The issue of the women who were married to IS fighters is bigger than Shamima Begum. According to news reports there are more than 800 people in refugee camps who were somehow connected to the group and have citizenship of Western nations. International law requires these countries to claim these people and not leave them stateless by taking away their citizenship. Just like Javid, many of these countries are likely to point to other nations to which they may be connected as alternative venues of citizenship. The fact that they, like Shamima Begum, may have tenuous or fragile connections to these places of descent does not seem to matter in the process of disowning these women.

According to the UK, then, Shamima Begum is Bangladesh’s problem. While not implicated in this particular case, Pakistan too may soon find itself in a situation where it has to accept disowned citizens of this or that Western country who have been associated with the IS. Pakistani citizenship laws, like those of Bangladesh, do provide citizenship by descent and IS members who migrated to Syria were often from these communities. What indeed should Pakistan or Bangladesh do in a situation where they are being saddled with former terrorists or their wives and children because Western nations want to maintain that they are no longer eligible for citizenship?

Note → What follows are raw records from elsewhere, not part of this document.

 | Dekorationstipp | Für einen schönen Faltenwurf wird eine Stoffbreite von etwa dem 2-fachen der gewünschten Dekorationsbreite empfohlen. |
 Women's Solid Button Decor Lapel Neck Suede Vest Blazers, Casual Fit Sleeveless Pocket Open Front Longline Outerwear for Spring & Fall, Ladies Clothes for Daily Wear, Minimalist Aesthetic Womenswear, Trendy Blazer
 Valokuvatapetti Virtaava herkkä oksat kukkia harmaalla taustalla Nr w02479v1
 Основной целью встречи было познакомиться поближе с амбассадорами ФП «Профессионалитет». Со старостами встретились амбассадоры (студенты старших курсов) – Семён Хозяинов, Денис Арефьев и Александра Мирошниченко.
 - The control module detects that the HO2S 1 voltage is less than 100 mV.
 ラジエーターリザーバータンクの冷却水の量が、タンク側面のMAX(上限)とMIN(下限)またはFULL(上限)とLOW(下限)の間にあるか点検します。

Pakistan may soon find itself in a situation where it has to accept disowned citizens of this or that Western country.

There are people in the United Kingdom who are on the side of bringing Shamima Begum back. In the wake of the controversy some commentators argued that Shamima Begum was a child who had been groomed and indoctrinated in the UK. She was, in this sense, a home-grown terrorist who had been beguiled to migrate to Syria, all while in the UK. According to UK law she was 15, a minor, when she left. If she were being tried for a crime that had been committed in the UK, her age would have been a mitigating factor. Then there is the pedigree of Sajid Javid, the home secretary and opponent-in-chief of her return. Some alluded to the fact that he was coming down hard on Shamima Begum’s case because he wanted to burnish his anti-terror credentials with conservatives in the UK.

Shamima Begum’s case is far from resolved. In recent interviews, she pointed to the fact that going public with her plea to the British government was likely not in her best interests. After her case, another woman, Hoda Muthana, who was a United States citizen, has also expressed her desire to be repatriated to the US. Like the British, the Americans have refused to take her back, the US Secretary of State arguing that she has no valid US passport, visa or claim to a passport and hence will not be permitted back.

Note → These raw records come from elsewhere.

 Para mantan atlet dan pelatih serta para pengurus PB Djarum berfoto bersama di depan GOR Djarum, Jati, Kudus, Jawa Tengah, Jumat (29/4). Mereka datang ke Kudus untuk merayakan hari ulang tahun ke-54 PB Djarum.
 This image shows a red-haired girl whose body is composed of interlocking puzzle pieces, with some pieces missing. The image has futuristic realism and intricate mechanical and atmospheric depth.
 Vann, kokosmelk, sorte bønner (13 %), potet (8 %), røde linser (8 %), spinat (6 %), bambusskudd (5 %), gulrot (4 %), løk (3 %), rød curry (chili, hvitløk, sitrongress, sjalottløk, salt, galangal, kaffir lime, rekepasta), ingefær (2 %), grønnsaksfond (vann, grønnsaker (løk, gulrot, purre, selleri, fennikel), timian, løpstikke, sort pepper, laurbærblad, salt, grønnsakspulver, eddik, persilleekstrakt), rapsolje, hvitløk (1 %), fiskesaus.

Lodged in the midst of the issue of citizenship is that of culpability. It is not quite clear what Shamima Begum was up to while she was with the IS. According to statements made by some Yazidi women, it is naïve to assume that all of these women were innocent bystanders and passive wives. Many were directly involved in pushing the agenda of the IS and mistreating others whom they saw as lesser militants. In the case of Hoda Muthana, the evidence is easily available, with various internet records showing that she was a top recruiter making vivid calls on social media to “kill Americans”.

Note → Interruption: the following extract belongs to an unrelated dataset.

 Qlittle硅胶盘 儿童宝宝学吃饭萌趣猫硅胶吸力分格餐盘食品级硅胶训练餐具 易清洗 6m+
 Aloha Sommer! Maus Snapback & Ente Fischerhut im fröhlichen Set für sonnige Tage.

Why should a country, any country, take back women such as these? International law provides some answers but they seem hollow and incomplete given the nature of the IS and the tactics that they deployed to attract young people to the ‘caliphate’ they established. There is little guarantee, after all, that these women, brides of IS fighters, would not get back to the task of gathering up recruits and militants and fighters once they were permitted back into these countries. In the days to come, it seems that no country is likely to be amenable to taking on the headache of repatriating and rehabilitating them. Once associated, it is a forever game, with the persons undeserving of welcome or trust or acceptance. Shamima Begum will likely have to wait a very long time before she or her son can end up in a place they can call home.

The writer is an attorney teaching constitutional law and political philosophy.